To validate this feature we have asked a collaborator to reproduce the calculations of TCOD entry 10000002 using cif_tcod_tree. As a result of the procedure described here, the collaborator has been able to reproduce the results with great accuracy. The only differences concern the execution timings of Quantum ESPRESSO, which are inherently hardware-dependent, thus proving the robustness of our approach.

Provided that software dependencies are met, the workflow can be re-executed running each of its steps in the sequence specified in the CIF file. Finally, output results can be easily compared with the original values provided in the CIF. This makes it possible to run unsupervised replication of deposited results to automatically assess the validity of incoming data. We mention here, however, two aspects that need to be kept in mind when implementing such a service. First, running again the workflows could require a significant amount of computational time (and, for some systems or properties, it is possible to run the workflows only on large clusters). Moreover, particular care has to be taken to prevent damage, accidental or deliberate, of the system replicating the workflow, as well as illegal actions from the network. Runs should be carried out only on isolated or limited systems (i.e., software jails, virtual machines or Docker [49] images). For these reasons, fully-automated workflow replication is not yet implemented in the TCOD. However, we foresee that validation of atomistic simulations could be carried out “on the cloud” in a way very similar to continuous integration services, even harnessing existing tools and infrastructures such as Buildbot [55], Jenkins [56] or Travis-CI [57].

Finally, another important component that we have added to AiiDA, as already discussed in “Input data” section, is the set of importers from structure databases. These (and in particular those for the COD and ICSD) have been already exploited as components of workflows for materials science high-throughput investigations. As an example, in [58] the authors scanned both databases to discover, extract and screen 2D layered structures.
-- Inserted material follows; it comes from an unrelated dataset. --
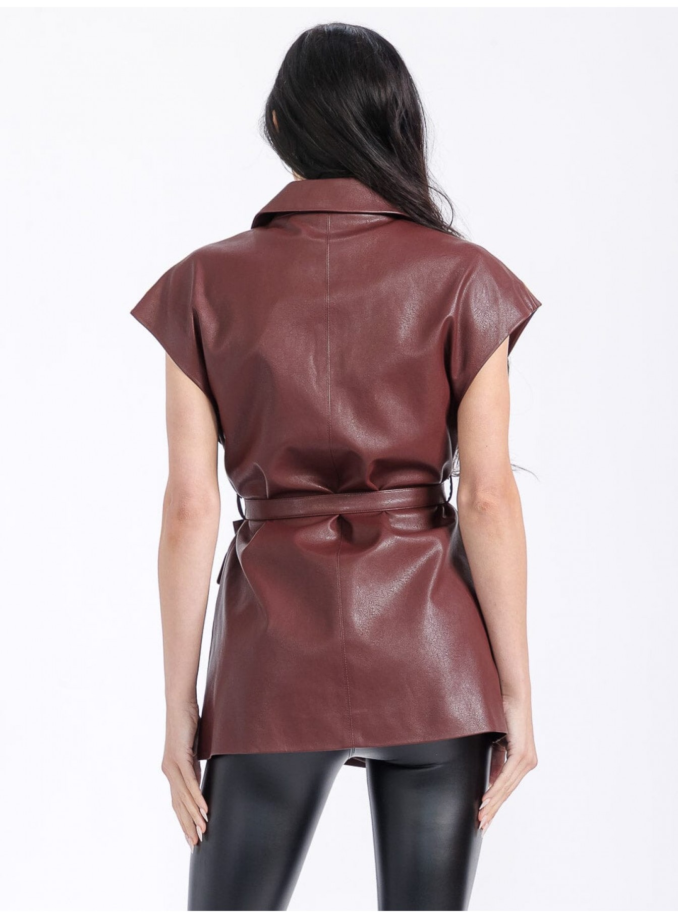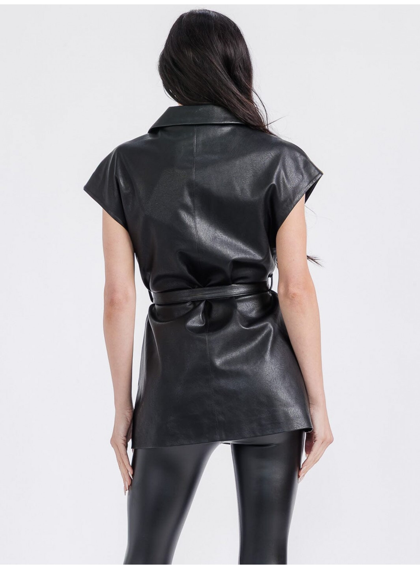 WOMEN'S SLEEVELESS BUTTON CLOSURE SELF TIE FRONT POCKETS PU PLEATHER VEST

We expect that these tools are going to be even more useful for the computational community in the future, as they are distributed as part of the open-source software AiiDA and therefore freely available as well as extendable. As of now, users of wannier90 [59], VASP [60] and cp2k [61] simulation packages (to name a few, the full list of plug-ins is given in [62]) are able to run calculations as part of AiiDA workflows thanks to community-developed plug-ins. We anticipate that with the growing requirements for reproducibility, and with additional plug-ins for the most popular computational material science software packages, AiiDA and the TCOD will become a convenient solution for the replication problem.

Conclusions

In this article we have shown the integration of the AiiDA platform (to automatically run and manage scientific workflows while keeping full provenance of the computed data) and of the TCOD (storing computed data associated to crystal structures using an unambiguous ontology, within an open database to facilitate dissemination). Our integration makes it possible to obtain automatic a posteriori tagging of crystal structures with metadata, like computed properties and their full provenance (codes adopted, inputs used in the computation, etc.). We have first extended the TCOD CIF dictionaries for atomistic simulations, cif_tcod.dic and cif_dft.dic, to include provenance information. We have then devised means to bypass the intrinsic limitations of the CIF 1.1 file format adopted by the TCOD. Moreover, we have implemented provenance-aware importers into AiiDA from a number of external databases for crystal structures and pseudopotentials. The main outcome of this work is the combination of all these efforts and the implementation of a converter to automatically analyse the data provenance stored in AiiDA after workflow execution, export the results into a CIF file compliant with the TCOD dictionaries, and automatically deposit it into the TCOD. Additionally, we have developed a set of tools for formal quality control and extraction of workflows from CIF files.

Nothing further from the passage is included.